Awake, I used to think I lived life fully awake, until a few of years ago when I truly woke up. I realized I was in the sleepy state where reality merges into dreamland. It all feels so real, but it is not. Alarm clocks go off in the real world, but somehow get merged into a dream. When you meet someone that is fully awake you can tell. They see things, hear things, feel things that most miss. When I would meet these people I would sense that they knew something I did not. They had something I did not, but I knew I wanted it. I wanted to live life fully awake.

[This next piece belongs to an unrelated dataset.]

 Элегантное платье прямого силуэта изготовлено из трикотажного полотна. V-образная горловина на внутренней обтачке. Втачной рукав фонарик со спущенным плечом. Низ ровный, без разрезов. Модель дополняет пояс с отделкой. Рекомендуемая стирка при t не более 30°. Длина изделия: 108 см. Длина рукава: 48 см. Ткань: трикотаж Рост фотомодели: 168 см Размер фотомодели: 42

Fully awake… not as easy as one would think, but so worth the efforts. I do not want to miss this life anymore. I do not want to try to control it and manipulate it to look like I want it to, like a dream where you try to control the outcome. In a fully awake life, it is choosing the brave, even when I am afraid to experience life as it comes. It is entering into full emotions, instead of avoiding or ignoring them. It is asking God to help me see and hear through His senses. It is asking for His heart to feel with others. It is allowing myself to fully feel, and be fully honest of those feelings. It is admitting them to myself, God, and others when it is appropriate to let them into it.
Fully awake has come with heartaches deeper than I had already known, but allowed me to see God in ways I could never imagine. Fully awake has come with deeper joy than I could ever have imagined and had only sampled in small pieces before. It has allowed me to risk, and allow myself to fail, to not get stuck in shame. It is freedom. At times it is tempting to allow myself to drop back and go into more of a daydream mode to escape the moment, but I have found that now that I have tasted fully awake, I crave it, and never want to go back.